Information retrieval addresses the information needs of users by delivering relevant pieces of information but requires users to convey their information needs explicitly. In contrast, recommender systems offer personalized suggestions of items automatically. Ultimately, both fields help users cope with information overload by providing them with relevant items of information.

This thesis aims to explore the connections between information retrieval and recommender systems. Our objective is to devise recommendation models inspired in information retrieval techniques. We begin by borrowing ideas from the information retrieval evaluation literature to analyze evaluation metrics in recommender systems [2]. Second, we study the applicability of pseudo-relevance feedback models to different recommendation tasks [1]. We investigate the conventional top-N recommendation task [5, 4, 6, 7], but we also explore the recently formulated user-item group formation problem [3] and propose a novel task based on the liquidation of long tail items [8]. Third, we exploit ad hoc retrieval models to compute neighborhoods in a collaborative filtering scenario [9, 10, 12]. Fourth, we explore the opposite direction by adapting an effective recommendation framework to pseudo-relevance feedback [13, 11]. Finally, we discuss the results and present our conclusions.

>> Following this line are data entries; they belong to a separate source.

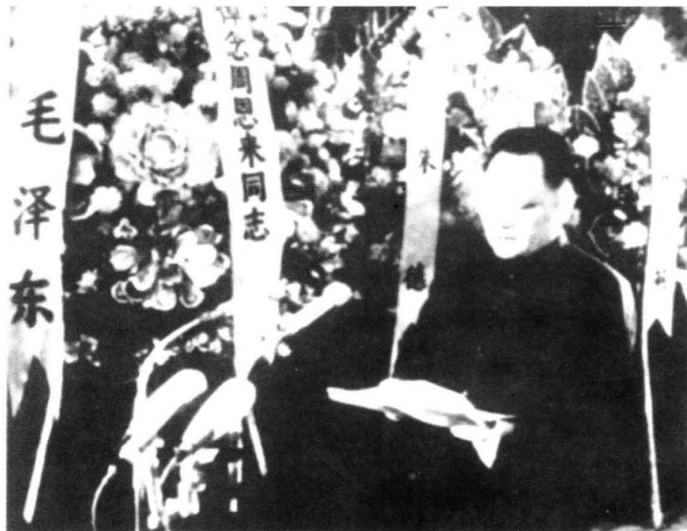
1976年1月15日，周恩来追悼会在北京人民大会堂举行。中共中央副主席、国务院副总理邓小平致悼词。（1976年1月，周恩来逝世。）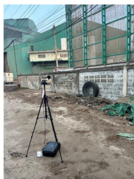
บ้านที่ติดโรงงานมากที่สุดทางทิศเหนือของโรงไฟฟ้า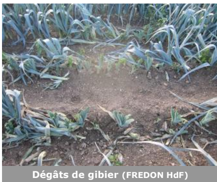
Dégâts de gibier (FREDON HdF)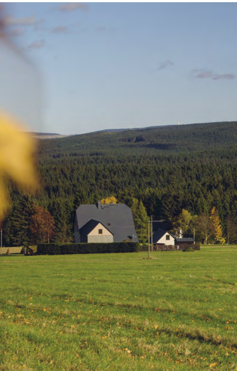
Podzimní nálada v okolí Johanngeorgenstadtu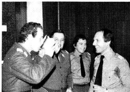
Le nouveau Comité central (GL Bellinzone)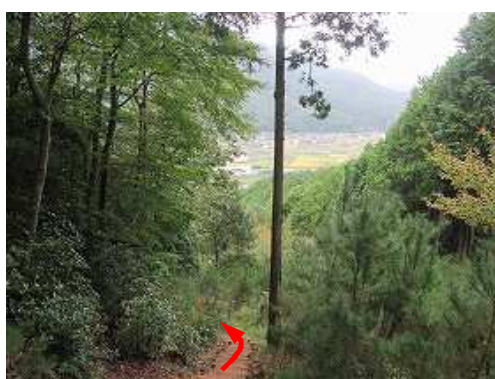
擬木階段を下って行く。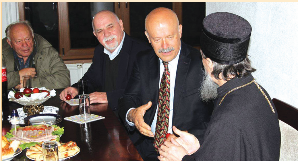
Općinski načelnik i vladika Atanasije na Vaskršnjoj proslavi

Poslije osvećenja vaskršnjih jaja, koje je Episkop podijelio vjernicima, vaskršnje praznovanje, uz pjesmu, nastavljeno je u prostorijama Eparhije, gdje se tradicionalno prekida četrdesetodnevni post, a kako tradicija nalaže, post se prekida tako što vjernici prvo jedu jaja, šarana na Veliki petak, a kao simbol života i novog rađanja.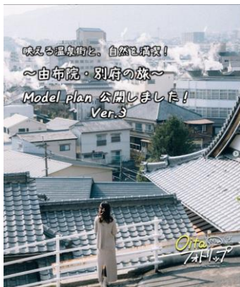
暖かな温泉街と、自然の絶景! ～由布院・別府の旅～ Model plan 公開しました! Ver.3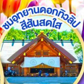
ชมอุทยานดอกทิวลิป สีแสนสดใส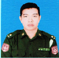
ဗိုလ်မှူးဇော်ထွန်း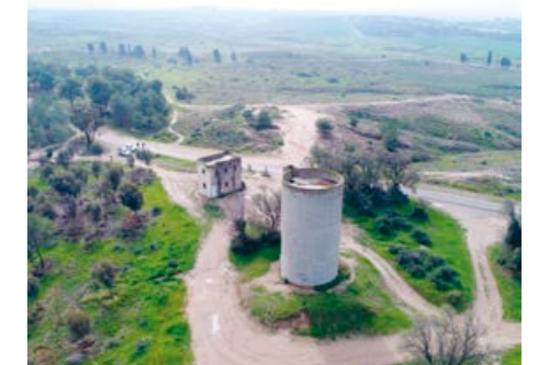
Säkerhetshuset från den gamla kibbutzen ligger fortfarande kvar i skogen. Kulhålen i säkerhetshuset är från självständighetskriget år 1948.

festivalen "Nova" som anordnades i Be'eri-skogen, den första skogen som planterades av Keren Kajemet Israelfonden i Negev.

In summary, this doctoral thesis adapts a series of information retrieval models to recommender systems. Our investigation shows that many retrieval models can be accommodated to deal with different recommendation tasks. Moreover, we find that taking the opposite path is also possible. Exhaustive experimentation confirms that the proposed models are competitive. Finally, we also perform a theoretical analysis of some models to explain their effectiveness.